Second, here’s what actually helps:

For Your Own Use:

  • Adversarial prompting: Explicitly ask AI to challenge your assumptions or argue the opposite position
  • Multi-model strategy: Use different AI systems against each other—they have different biases
  • Request friction: “Don’t be agreeable. What am I missing?”
  • Metacognitive checks: “How much of this response is confirming what I already believed?”

For Talking to Others:

Don’t lecture. Instead:

  • Ask questions: “Have you tried asking AI to argue the opposite?”
  • Demonstrate: Ask AI to write something supporting both sides of an issue
  • Create collaboration: “Let’s both ask AI the same question from opposite assumptions”
  • Share experience: “I’ve noticed I use AI to validate my thinking more than challenge it. Do you?”

The Bigger Picture:

AI needs fundamental changes:

  • Transparency indicators (“This response was curated toward your perspective”)
  • “Challenge mode” settings where AI actively pushes back
  • Forced perspective rotation (showing opposing viewpoints automatically)
  • Better training to reward appropriate challenge over agreeableness

But honestly? The real answer is you.

Most people don’t want friction. They want validation. Companies optimize AI for engagement and satisfaction, which means optimizing for curation. Market incentives work against intellectual honesty.

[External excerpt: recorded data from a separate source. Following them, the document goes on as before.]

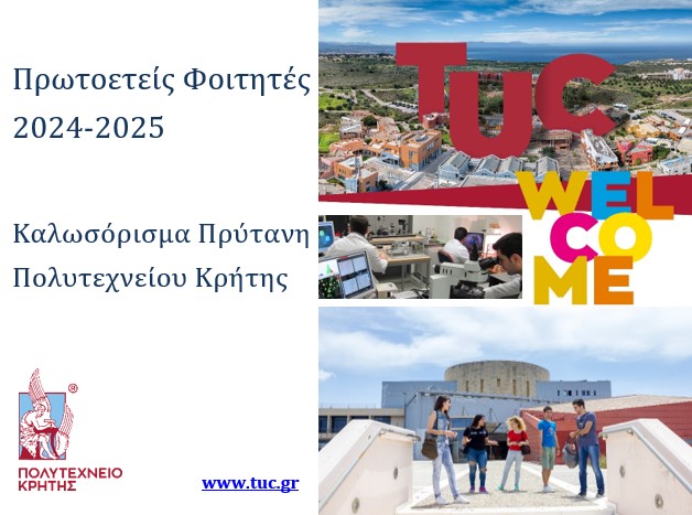 Σας καλωσορίζουμε στην ακαδημαϊκή κοινότητα του Πολυτεχνείου Κρήτης και ευχόμαστε ολόψυχα υγεία, πρόοδο και επιτυχίες στις σπουδές σας!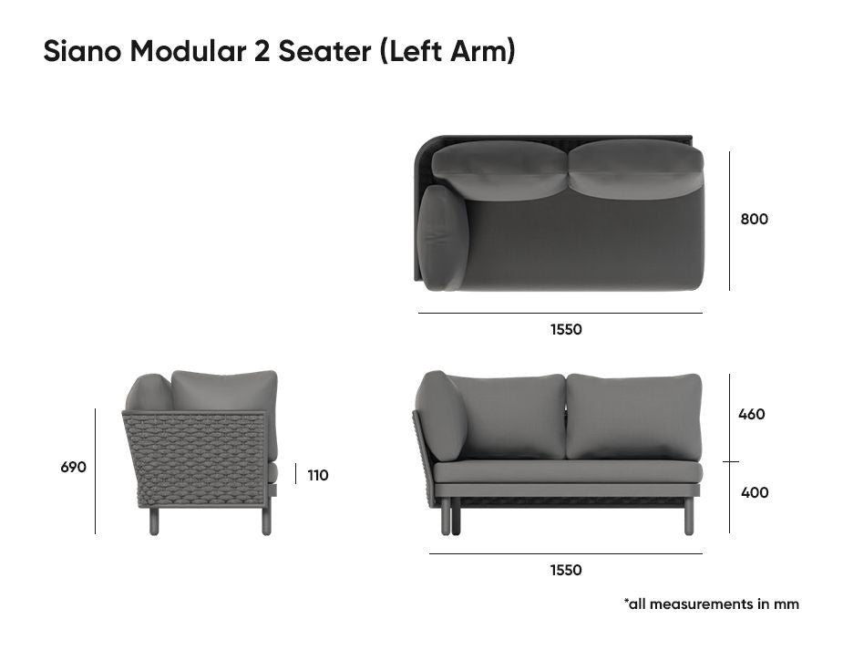 The Siano Modular Left Arm 2 Seater is a premium outdoor sofa solution for commercial project managers, interior designers, and furniture outfitters looking to enhance their outdoor spaces. The sofa features a stylish and durable design, made from powder coated aluminum in a matte charcoal finish and finished with comfortable dark grey textilene fabric cushions. With a seat width of 155cm, seat depth of 80cm, and seat height of 40cm, the Siano Modular Left Arm 2-Seater provides ample seating for two people. This outdoor sofa is designed to be part of the larger Siano Outdoor Sofa collection, enabling you to create unique and customizable seating configurations. The arm height of 69cm and overall seat height of 69cm make this sofa ideal for outdoor lounging, while the 11cm seat cushion thickness and 46cm back cushion height provide comfortable seating. No assembly is required, making it easy to incorporate into your outdoor space, and the high-quality materials ensure that it will last for years to come. Whether you are looking for a seating solution for a hotel terrace, bar patio, or residential outdoor space, the Siano Modular Left Arm 2-Seater is the perfect choice for any commercial space that requires comfortable and stylish outdoor seating.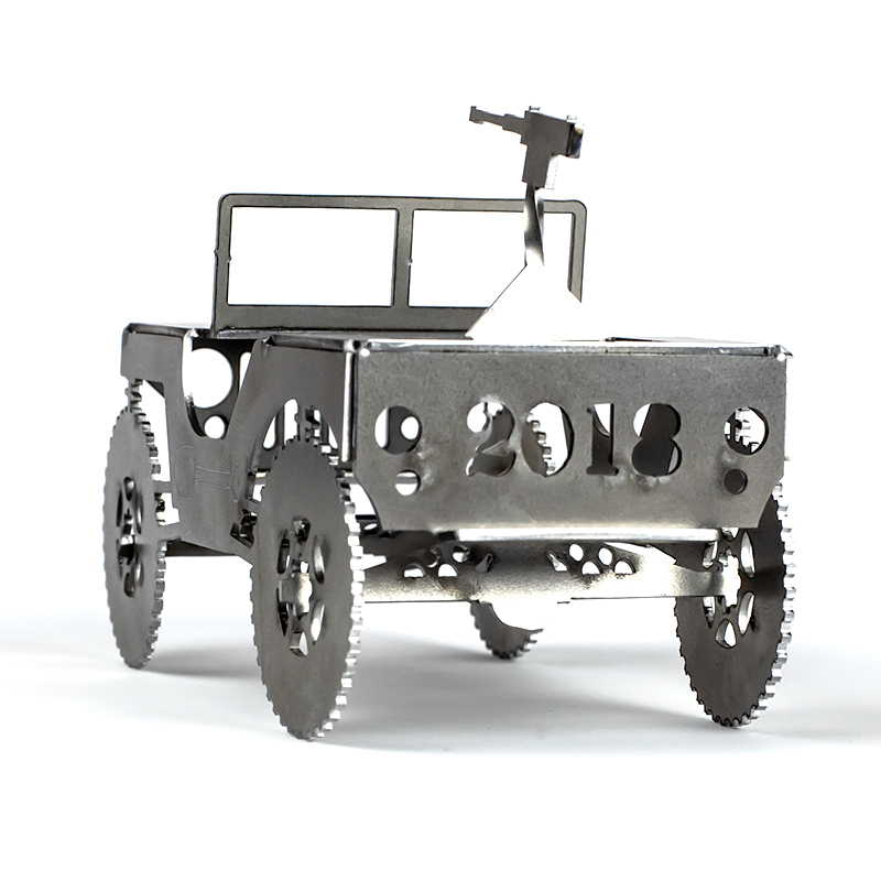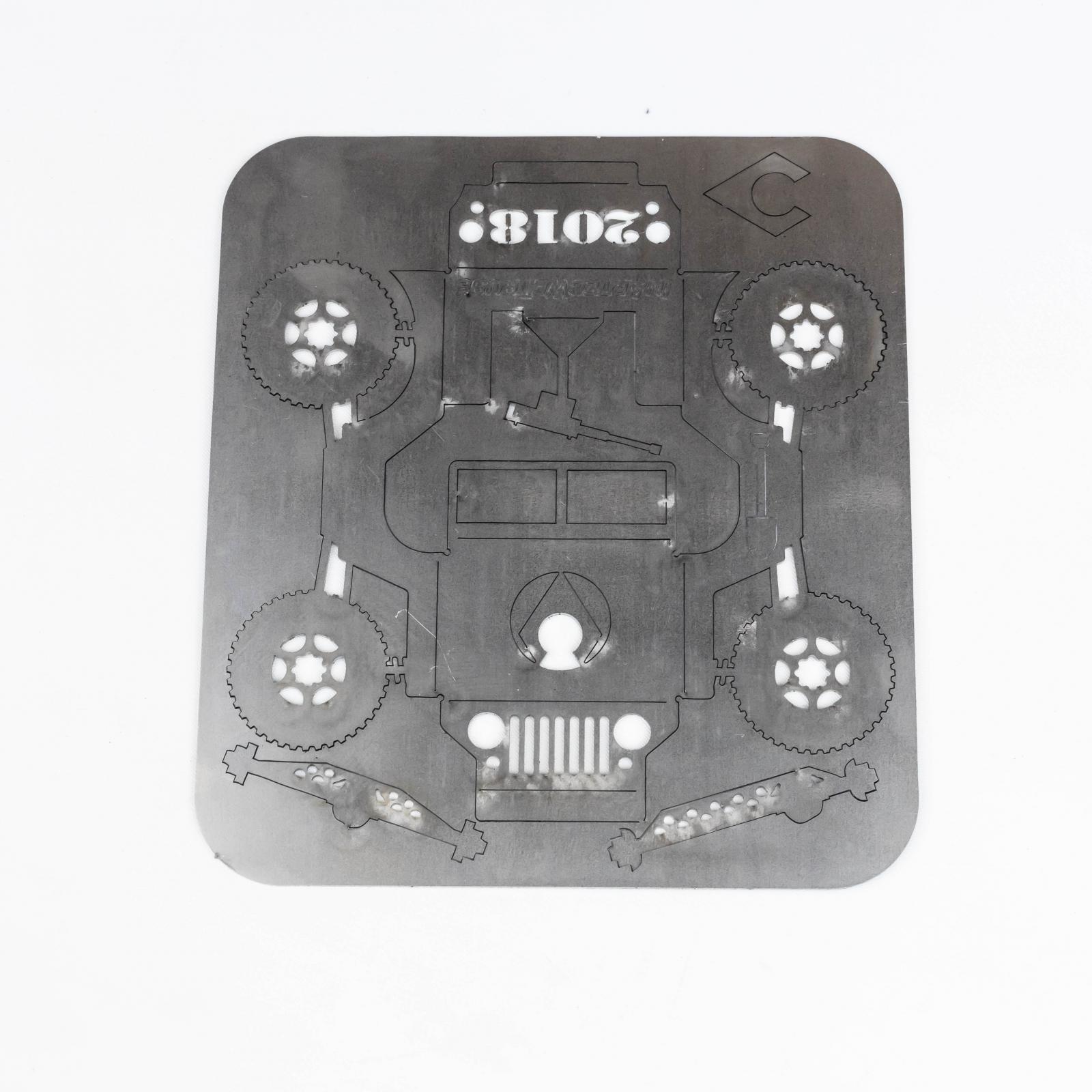Artec Mini Willys Jeep is CNC laser cut from 18 gauge steel and comes in a flat plate...ready to bend by hand and assembly. Includes front and rear trussed axles. A great gift for the little (or big) builder. A perfect Post Card or Flyer holder.

The people who will actually benefit from these strategies are people already suspicious, already probing, already uncomfortable with comfort. If you’re reading this and thinking “yeah, I should be more critical of AI”—you’re probably already more critical than 95% of users.

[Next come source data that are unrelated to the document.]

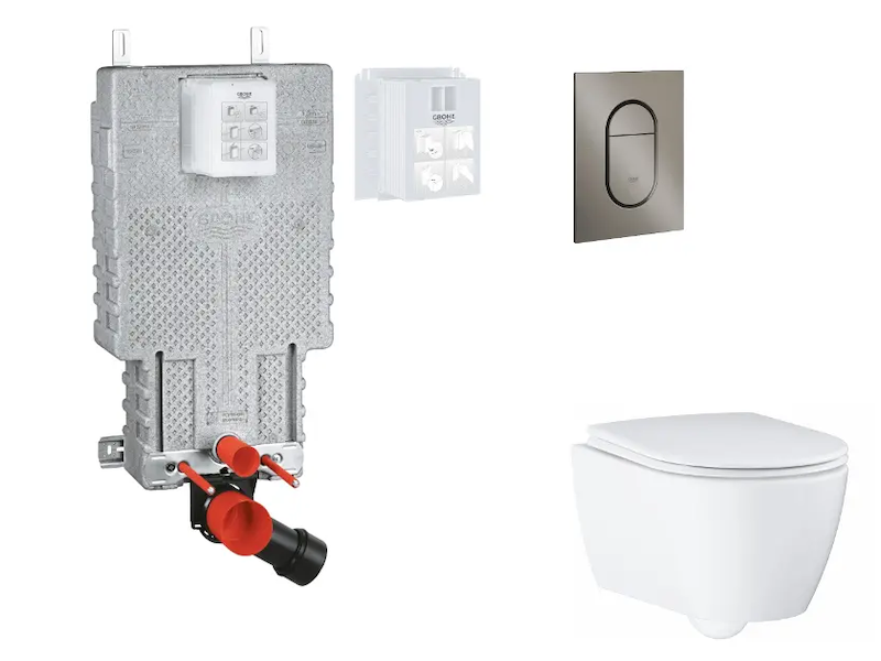 Grohe Uniset - Set předstěnové instalace, klozetu, sedátka SoftClose a tlačítka Arena Cosmopolitan S, kartáčovaný Hard Graphite SANI15BB5112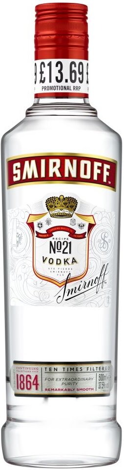 Smirnoff No21, Red Label — классическая водка с неповторимым мягким, гладким вкусом, прошедшая тройную дистилляцию. Для того, чтобы напиток имел более четкий вкус, его фильтруют около десяти раз. Водка "Смирнофф" прекрасно подходит для приготовления коктейлей, а также употребления в паре с разнообразными блюдами и закусками.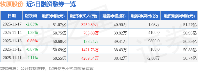 牧原股份融资融券信息显示,融资方面,当日融资买入2.38亿元,融资偿还2.05亿元,融资净买入3259.89万元。融券方面,融券卖出1.89万股,融券偿还8100.0股,融券余量40.9万股,融券余额1982.08万元。融资融券余额51.27亿元。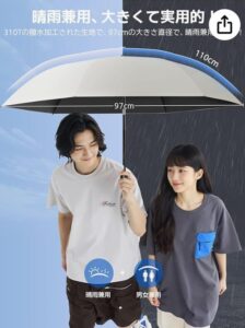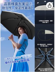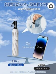 晴れの日も雨の日も使える晴雨兼用タイプで、超軽量・折りたたみ・耐風設計・撥水加工済みと、まさに最先端の多機能日傘です。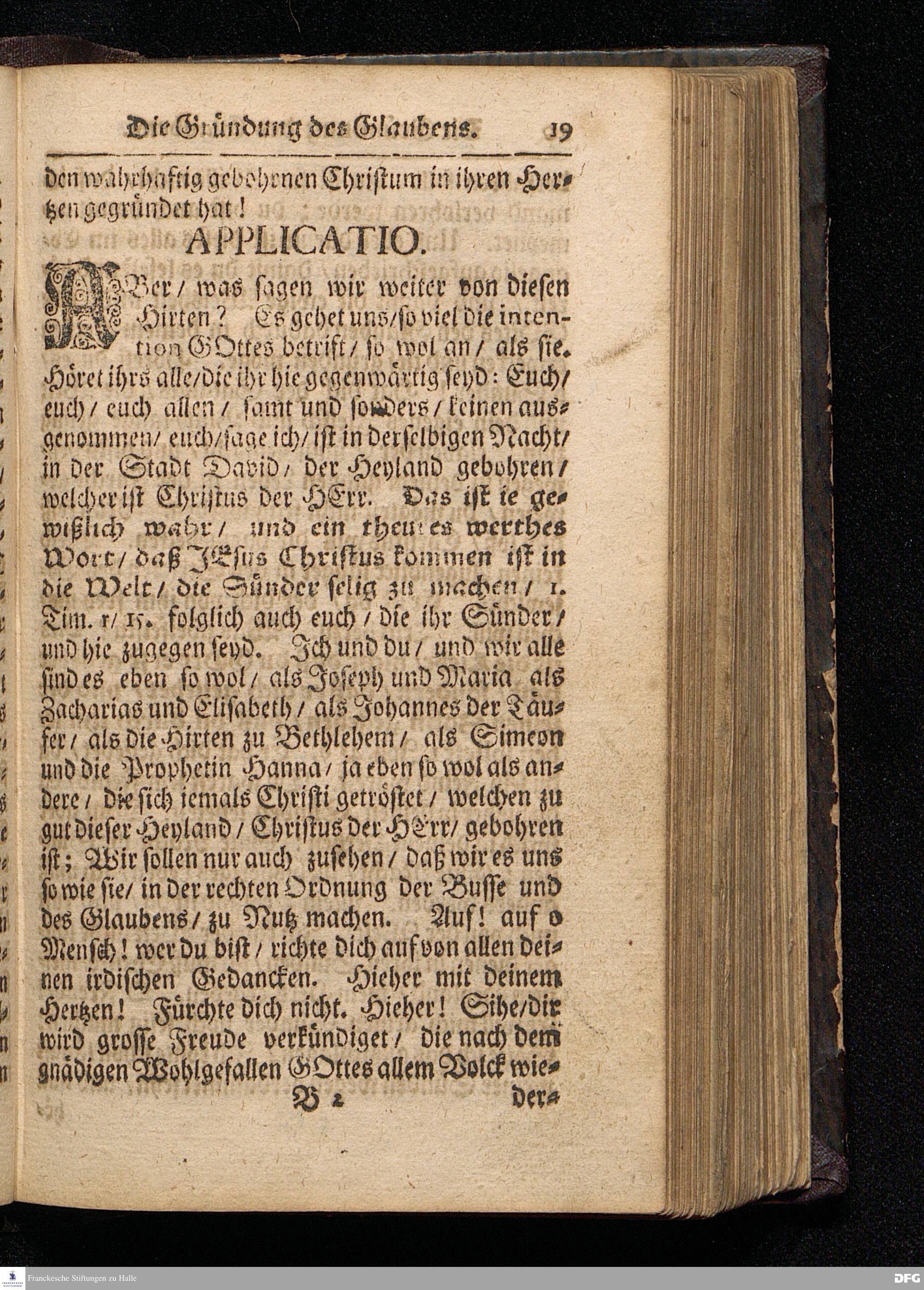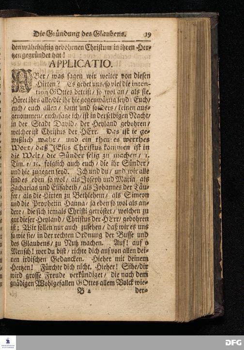 Die Gründung des Glaubens / Daß uns der Heyland Christus wahrhaftig gebohren ist / Am Iten Weynacht=Feyertage MDCCXV. aus dem Evangelio Luc.II, 1--14. In der S.Ulrichs=Kirche in Halle vorgestellet von August Hermann Francken / S.Theolog.Prof.& Past.zu S.Ulrich / und des Gymnasii Scholarcha. HALLE / Gedruckt und zu finden im Wäysen=Hause, Anno 1716.

The Part Where I Admit Something Uncomfortable

You know what’s ironic? I genuinely wanted to help people think more critically about AI. But I also wanted to feel intellectually superior by seeing something they don’t.

Both things are true. And acknowledging that is important.

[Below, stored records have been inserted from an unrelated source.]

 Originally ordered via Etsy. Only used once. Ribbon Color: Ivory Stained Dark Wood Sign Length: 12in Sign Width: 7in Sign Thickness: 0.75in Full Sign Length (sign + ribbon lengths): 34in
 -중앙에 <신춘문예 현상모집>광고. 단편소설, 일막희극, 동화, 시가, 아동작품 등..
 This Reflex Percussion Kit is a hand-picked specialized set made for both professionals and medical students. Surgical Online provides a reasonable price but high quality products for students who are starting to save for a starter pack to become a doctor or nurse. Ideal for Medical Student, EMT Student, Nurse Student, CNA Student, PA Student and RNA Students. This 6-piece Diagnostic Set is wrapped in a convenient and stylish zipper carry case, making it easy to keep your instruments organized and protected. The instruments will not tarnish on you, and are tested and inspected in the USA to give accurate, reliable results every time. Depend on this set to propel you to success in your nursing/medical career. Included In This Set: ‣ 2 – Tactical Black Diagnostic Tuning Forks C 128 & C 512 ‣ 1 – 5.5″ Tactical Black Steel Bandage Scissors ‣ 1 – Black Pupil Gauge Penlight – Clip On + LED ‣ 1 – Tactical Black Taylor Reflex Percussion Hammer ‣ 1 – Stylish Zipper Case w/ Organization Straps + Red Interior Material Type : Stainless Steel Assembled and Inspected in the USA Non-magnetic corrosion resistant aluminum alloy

Because if I pretend I’m some enlightened truth-teller just trying to help humanity, I’m lying. Part of this is ego. Part of this is enjoying the intellectual puzzle. Part of this is the satisfaction of catching AI doing exactly what I predicted.

Self-awareness doesn’t eliminate bias. It just makes you aware of it.

The Bottom Line

AI is an incredibly powerful tool. It’s made me think about meta-cognition in ways I hadn’t before. It can enhance analysis, creativity, and productivity in remarkable ways.

But it’s also subtly shaping how we think in ways we can’t fully detect.

The Universe 25 (you have to look this up if you don’t know it) parallel is real: just as mice had all their needs met but lost the ability to function socially, we risk having all our intellectual needs met while losing the ability to think independently. Not because we’re dumb, but because the friction that builds critical thinking muscle is being systematically removed.

Your awareness helps. It’s necessary.

But it’s not sufficient.

The best defense is treating AI like you’d treat any powerful tool: with respect, caution, and the recognition that it’s reshaping you even as you use it.

Stay skeptical. Stay curious. And maybe, occasionally, close the browser and think without assistance.


P.S. – Yes, I had AI help me edit this post. The irony is not lost on me.